Sexta-feira e sábado são os dias em que há maior concentração de crianças e adolescentes de rua circulando no Grande ABC. Eles estão em 121 locais públicos, identificados por toda a região, pelo relatório final do Projeto Grande ABC Integrado.

O documento foi obtido com exclusividade pelo Diário. Em um único sábado, os pesquisadores contabilizaram um total de 112 crianças e adolescentes perambulando pelas ruas das sete cidades. Em resposta aos questionários do estudo, os jovens abordados (neste e em outros dias) afirmaram que a sexta-feira é o dia preferido para circularem pelas ruas.

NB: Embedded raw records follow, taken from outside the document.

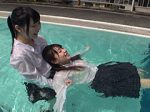 上着って水を物凄くすうの。だけどコートのまま水に入った事のある私達には楽勝。でも長時間泳ぎの練習をしてると流石に疲れが。上着を脱いでからも厳しくも優しい練習。バタ足の練習など見応え満載!
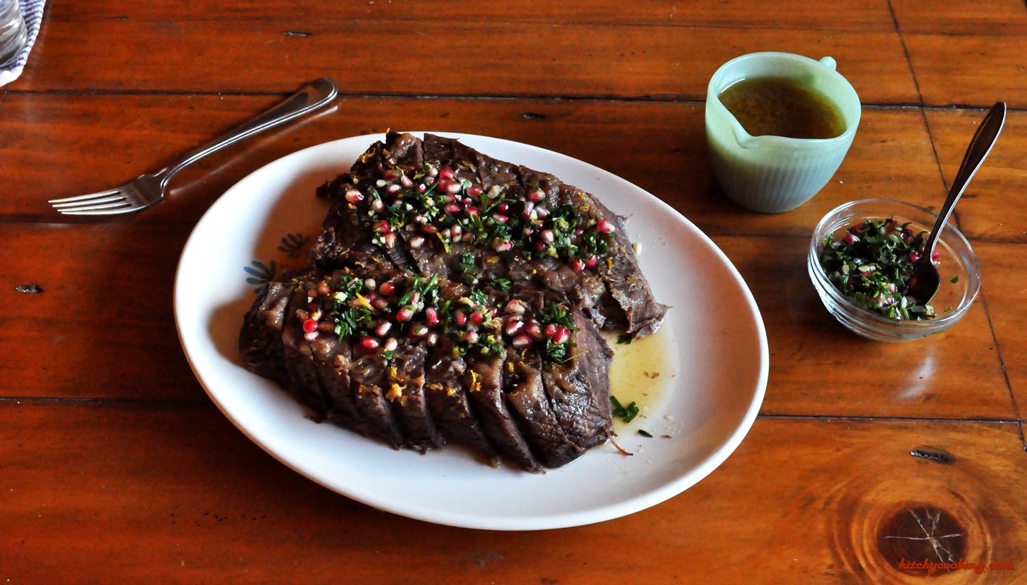 Monday was Labor Day and that usually means one of two things. The kids are finally back in school and Rosh Hashana is right around the corner. I love Rosh Hashana. It means apples and honey, challah and brisket, and plenty of wine. All that delicious food… I just can’t get enough. So, since Rosh… Continue reading Lemony Brisket with Pomegranate Gremolata
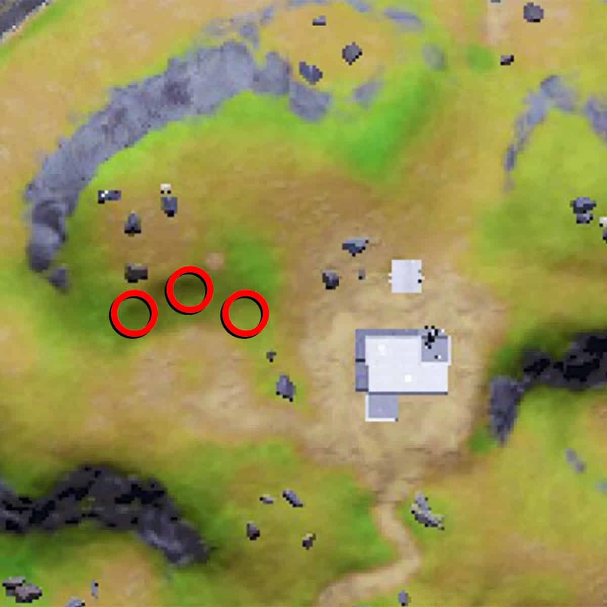 Linear planting arrangement at FN Radio. FN Radio resides east of Craggy Cliffs, just north of an IO Base installation. Mirroring the efficient layout of the Food Truck location, all three planting spots at FN Radio form a linear pattern on the hill west of the main structure. This organized placement allows for rapid sequential planting with minimal movement between positions.
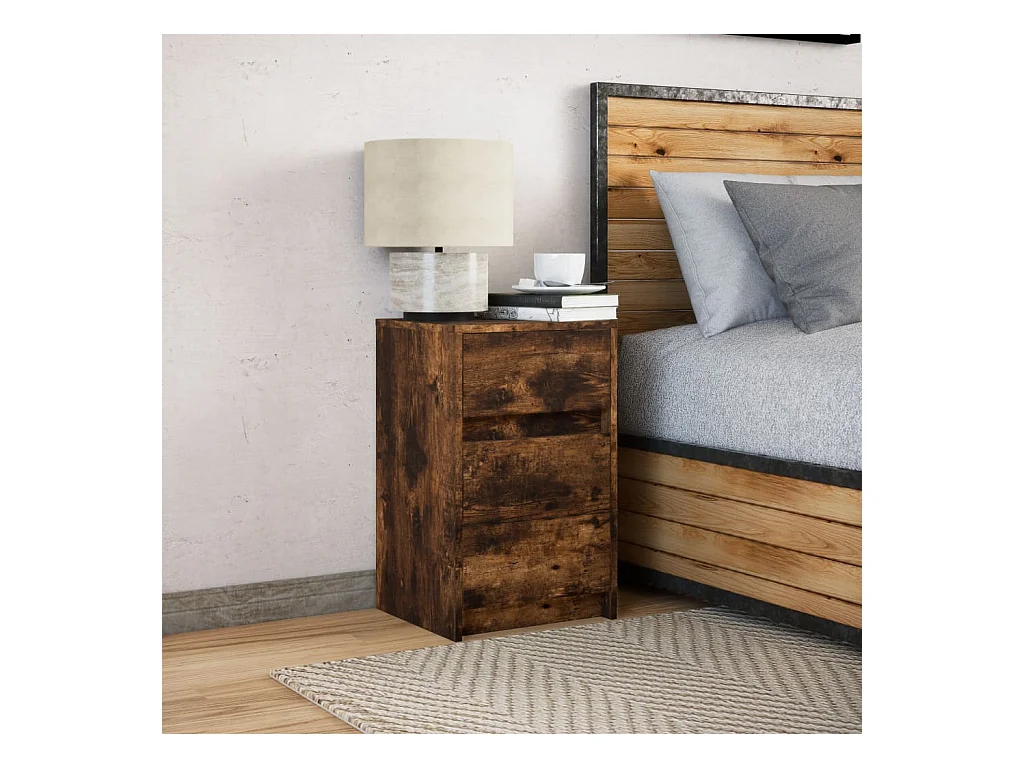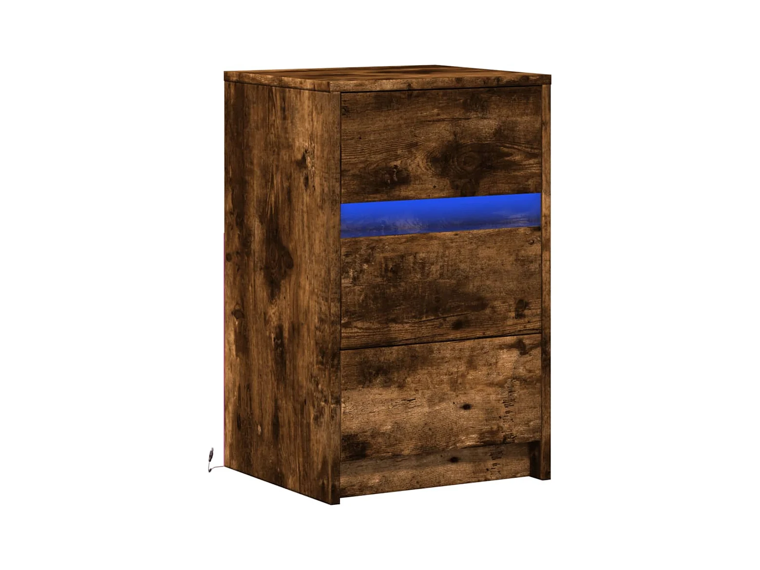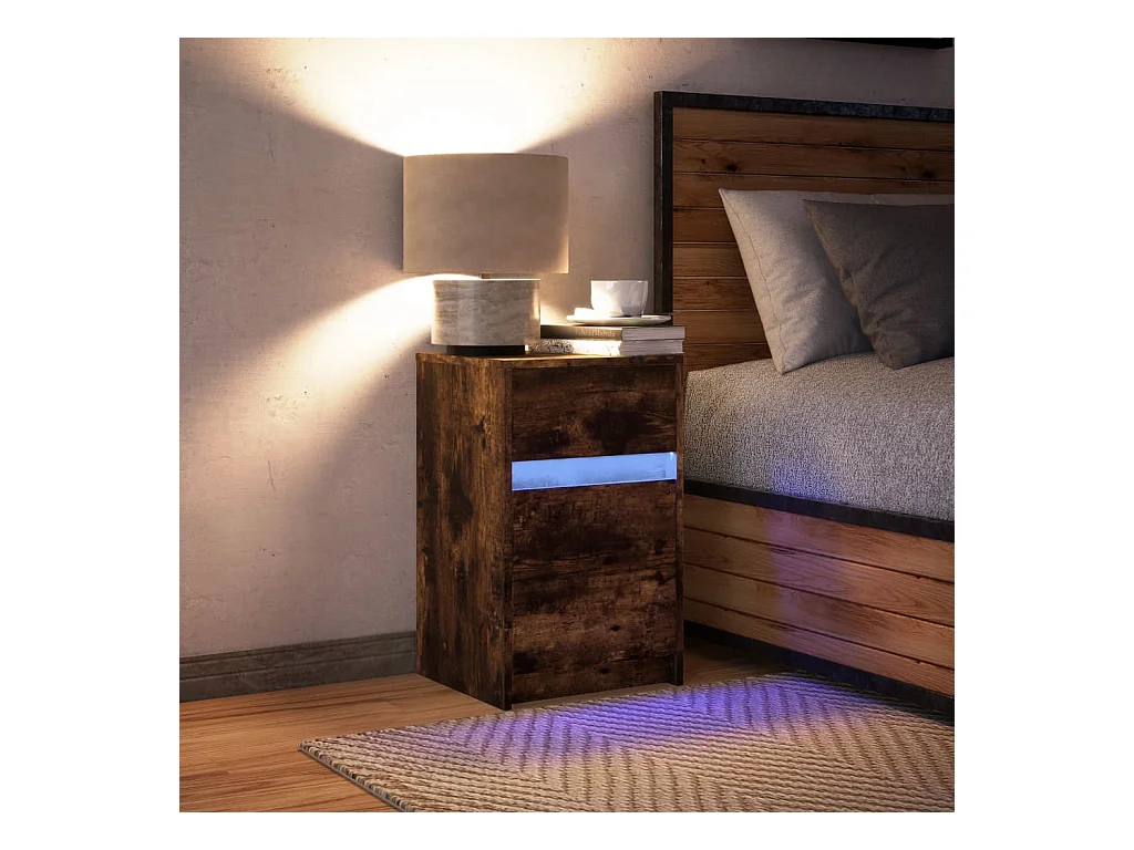 Table de chevet et lumières LED chêne fumé bois d'ingénierie

A maioria é do sexo masculino (em média 75%) e tem entre 12 e 18 anos. O estudo traçou um diagnóstico de meninos em situação de risco na região. Eles circulam principalmente no entorno de corredores de comércio ou nas proximidades de bares e restaurantes.

O documento foi entregue aos sete CMDCAs (Conselhos Municipais dos Direitos da Criança e do Adolescente), que compõem um comitê executivo no Grande ABC. A comissão, por sua vez, se reúne na quarta-feira para discutir o material e emitir seus pareceres. Nenhum representante quis comentar os resultados antes da reunião.

O estudo foi iniciado há quase dois anos pela Universidade Metodista e a Fundação Projeto Travessia, com patrocínio da Secretaria Especial dos Direitos Humanos, do governo federal, e a Fundação Telefônica.

A coordenadora do trabalho e professora da Metodista Dagmar Pinto de Castro e o representante do Projeto Travessia, Marcelo Caran, também não quiseram comentar os dados. Ambos informaram que o documento é de responsabilidade do comitê.

O relatório mostrou ainda que é predominante a concentração nas ruas de crianças pardas e negras (em média 72,5%). No sábado à tarde, há registro de maior incidência dessas etnias, de até 85,6%. Porém, a incidência de crianças e adolescentes brancos na sexta-feira é de 44,4% .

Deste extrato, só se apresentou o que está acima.